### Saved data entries
↓

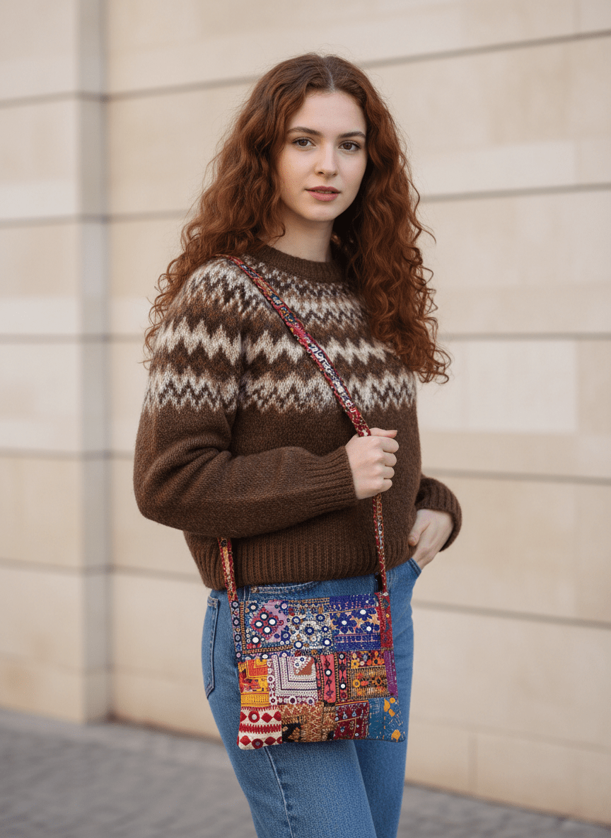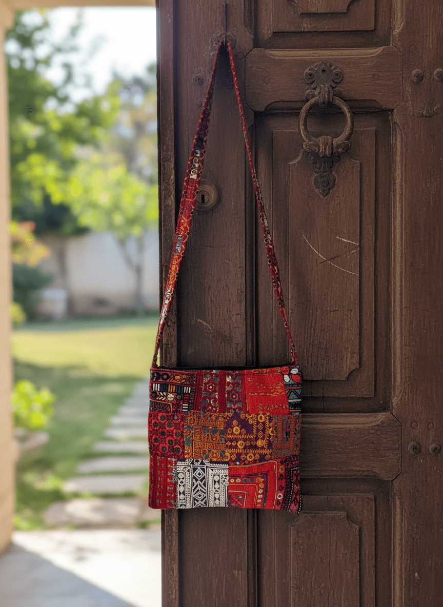 Made entirely by hand, every bag is slightly different from the next. Irregular stitches, tiny mismatches, or uneven patches are not defects — they are a natural part of the handmade craft, making your bag truly one-of-a-kind.
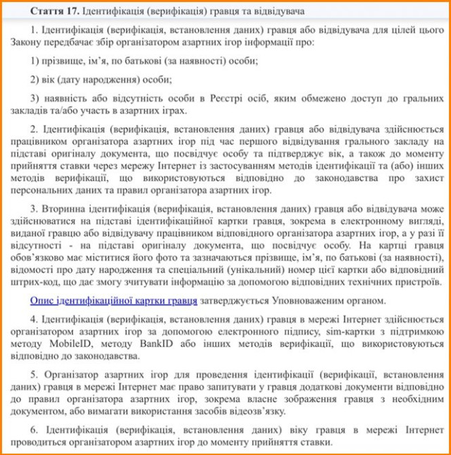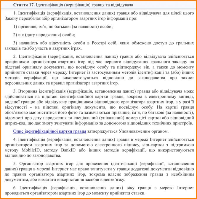 Але як 1XBet отримає особисті дані гравців? Справа в тому, що дозвіл, більш того, обовʼязок це робити вони отримали разом із ліцензією на діяльність в Україні. Закон «Про державне регулювання діяльності щодо організації та проведення азартних ігор» в ст. 16 вимагає від операторів «забезпечувати ідентифікацію гравця (гравців) та відвідувача (відвідувачів) у порядку, визначеному цим Законом, у гральному закладі та ідентифікацію гравця (гравців) під час провадження діяльності в мережі Інтернет». А вже в ст. 17 вказує, що «організатор азартних ігор для проведення ідентифікації (верифікації, встановлення даних) гравця в мережі Інтернет має право запитувати у гравця додаткові документи відповідно до правил організатора азартних ігор, зокрема власне зображення гравця з необхідним документом, або вимагати використання засобів відеозв’язку».
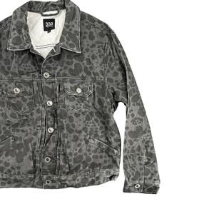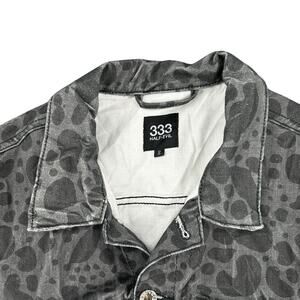 Half Evil 333 Men's Black and Gray Spotted Denim Jacket Retro Streetwear Small
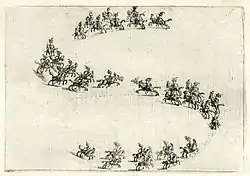 He made a series of 13 engravings of cavalcades or equestrian ballets, which were later remade by Jan van Ossenbeeck. The prints of cavalcades by Nicolaus van Hoy were published in Francesco Sbarra's 'La Contessa dell' Aria e dell' Aqua festa a cavallo rappresentata nell' augustissime nozze dell M.M. dell'Imperatore Leopold e dell' Infante Margherita della Spagne' in 1667.[6]
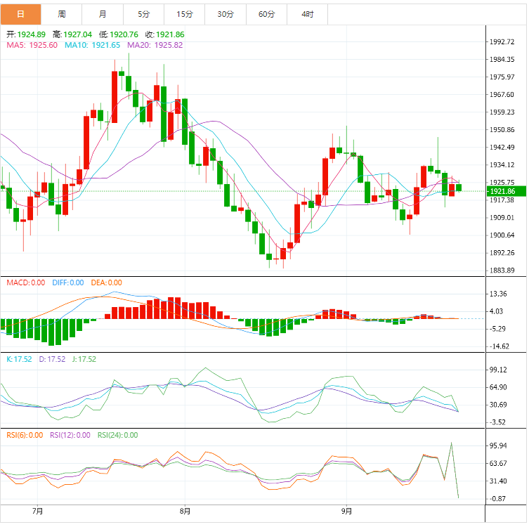 黄金价格跟随美元走势横盘
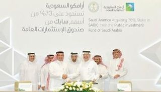 "أرامكو" تعقد صفقة مع صندوق الاستثمارات العامة السعودي للاستحواذ على 70% من أسهم "سابك" بسعر 123.39 ريال للسهم الواحد.
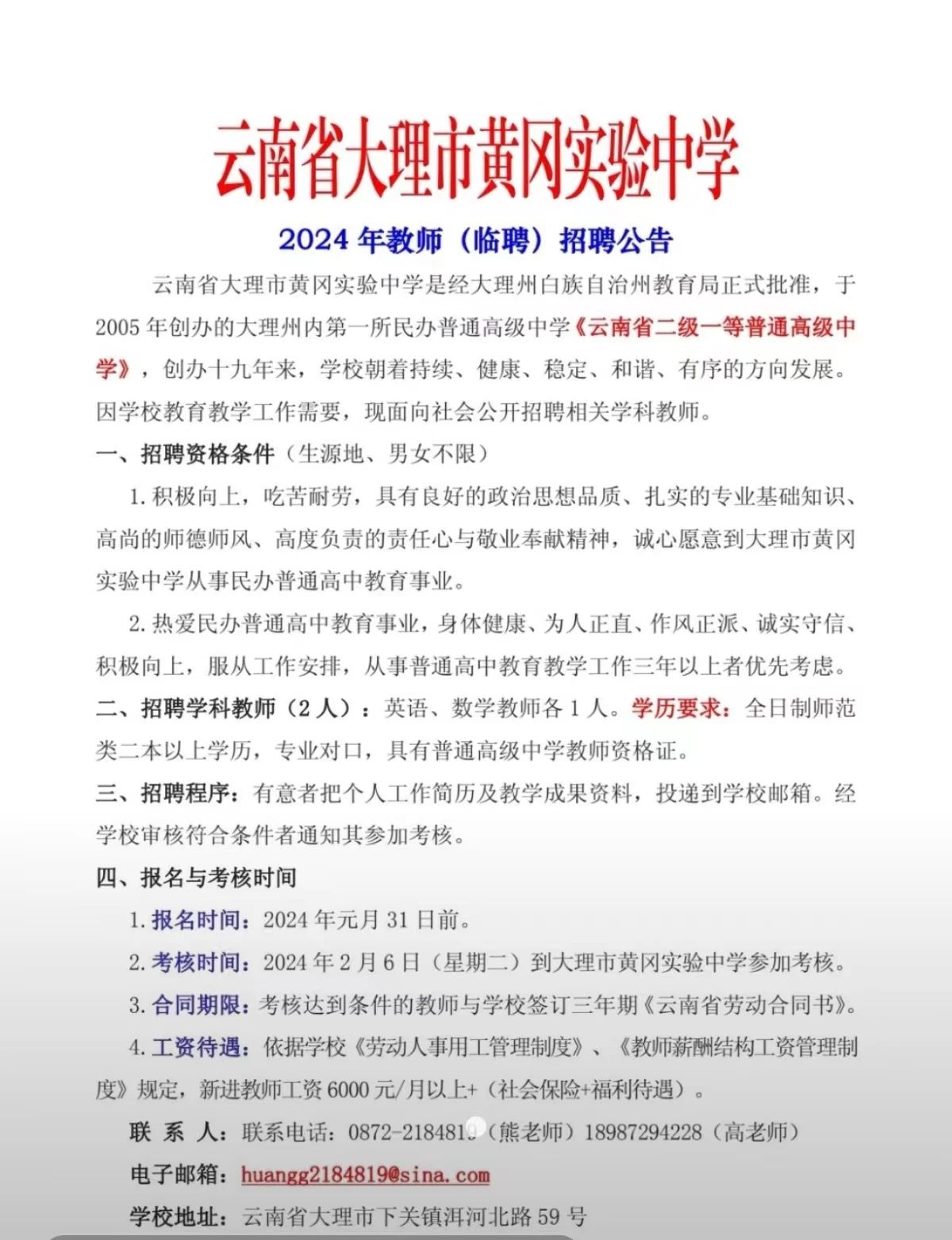 云南省大理市黄冈实验中学2024年教师(临聘)招聘公告

↑

### THE PROBLEM
Your answer must be the records exactly as they stand, with no pictures in it.

### EXPECTED OUTPUT
 Made entirely by hand, every bag is slightly different from the next. Irregular stitches, tiny mismatches, or uneven patches are not defects — they are a natural part of the handmade craft, making your bag truly one-of-a-kind.
 Але як 1XBet отримає особисті дані гравців? Справа в тому, що дозвіл, більш того, обовʼязок це робити вони отримали разом із ліцензією на діяльність в Україні. Закон «Про державне регулювання діяльності щодо організації та проведення азартних ігор» в ст. 16 вимагає від операторів «забезпечувати ідентифікацію гравця (гравців) та відвідувача (відвідувачів) у порядку, визначеному цим Законом, у гральному закладі та ідентифікацію гравця (гравців) під час провадження діяльності в мережі Інтернет». А вже в ст. 17 вказує, що «організатор азартних ігор для проведення ідентифікації (верифікації, встановлення даних) гравця в мережі Інтернет має право запитувати у гравця додаткові документи відповідно до правил організатора азартних ігор, зокрема власне зображення гравця з необхідним документом, або вимагати використання засобів відеозв’язку».
 Half Evil 333 Men's Black and Gray Spotted Denim Jacket Retro Streetwear Small
 He made a series of 13 engravings of cavalcades or equestrian ballets, which were later remade by Jan van Ossenbeeck. The prints of cavalcades by Nicolaus van Hoy were published in Francesco Sbarra's 'La Contessa dell' Aria e dell' Aqua festa a cavallo rappresentata nell' augustissime nozze dell M.M. dell'Imperatore Leopold e dell' Infante Margherita della Spagne' in 1667.[6]
 黄金价格跟随美元走势横盘
 "أرامكو" تعقد صفقة مع صندوق الاستثمارات العامة السعودي للاستحواذ على 70% من أسهم "سابك" بسعر 123.39 ريال للسهم الواحد.
 云南省大理市黄冈实验中学2024年教师(临聘)招聘公告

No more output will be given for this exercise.